Luxembourg’s Foreign Minister has issued a stark warning that the ongoing migrant crisis could break up the European Union (EU).
Minister of Foreign and European Affairs, Jean Asselborn (pictured above), said that the migrant crisis could lead to the reintroduction of border controls between EU member states and disintegration of the EU itself, reports German television news channel N24.
Mr Asselborn, whose country currently holds the rotational Presidency of the Council of the EU, drew attention to a contrast in approaches from member states. He claims that Germany and most EU countries understand the application of the 1951 Convention and Protocol Relating to the Status of Refugees, but that some members fail to adopt properly the values of the organisation which he said are not limited to tangible treaty rights.
“The glue that holds us together,” he said, “is still the culture of human values. And this misguided nationalism can lead to actual war.”

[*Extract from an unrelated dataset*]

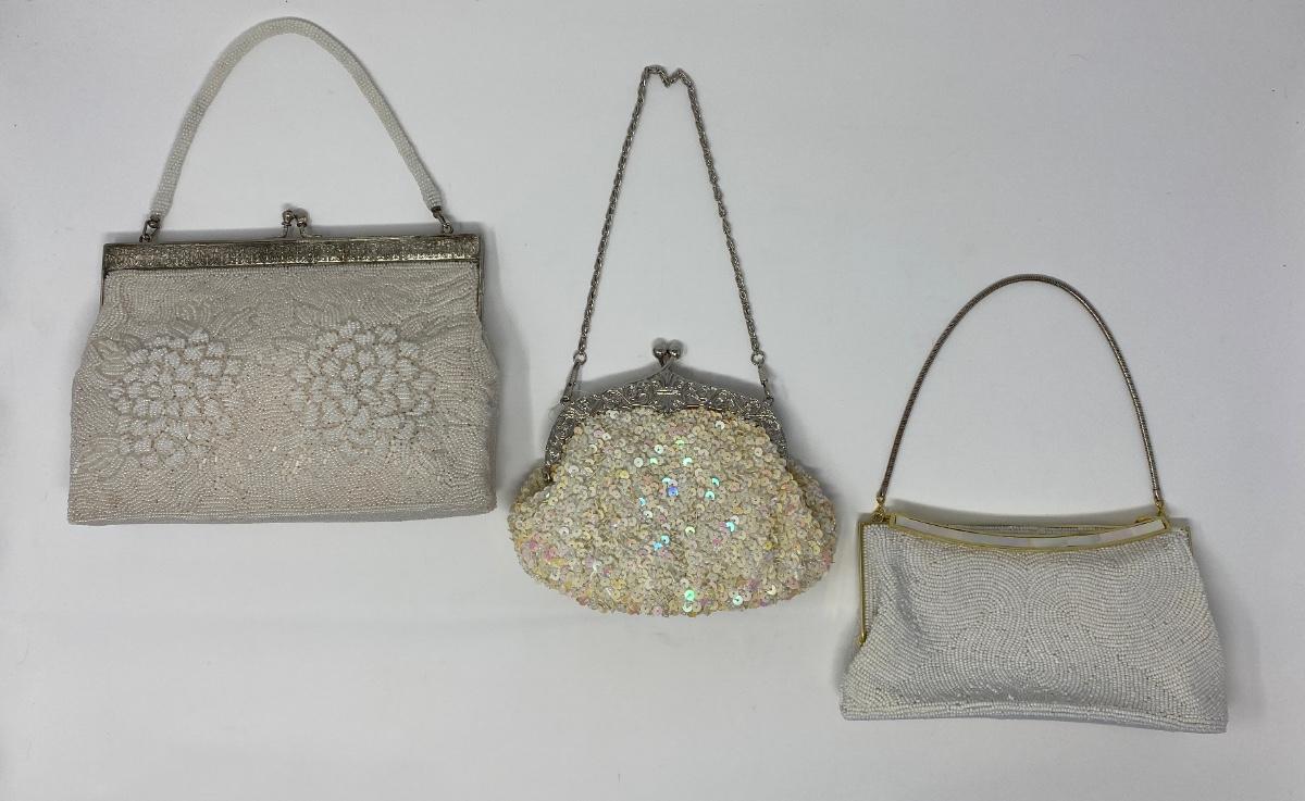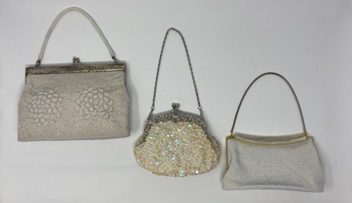 Vintage White, Ivory, and Gold Micro-Bead and Sequin Handbags

Apparently rejecting voters’ growing discontent with migrant policy across the EU, Mr Asselborn accused certain politicians and political parties of exploiting the issue of migration and stoking fears.
He said this is the time that resolve needs to be strengthened so the “EU’s values are not thrown overboard” adding that he fears the outcome of the “very, very critical situation” in the Balkans if Germany and Sweden now close their doors to migrants.
The speed of collapse of the EU, predicts Mr Asselborn, can be “incredibly fast” when isolation beats solidarity between member states. In particular he sees the end of the borderless Schengen Area — named after the town in Luxembourg where the agreement governing it was signed in 1985 — coming within months.
For Mr Asselborn, who for some time was European Commission President Jean-Claude Juncker’s deputy when he was Prime Minister of Luxembourg, the Schengen Agreement is the EU’s “greatest achievement”.
“The risk is clearly there,” he said, “if we get no European solution to this migrant crisis, when more and more countries believe that they can only go about this thing independently, then Schengen is dead.”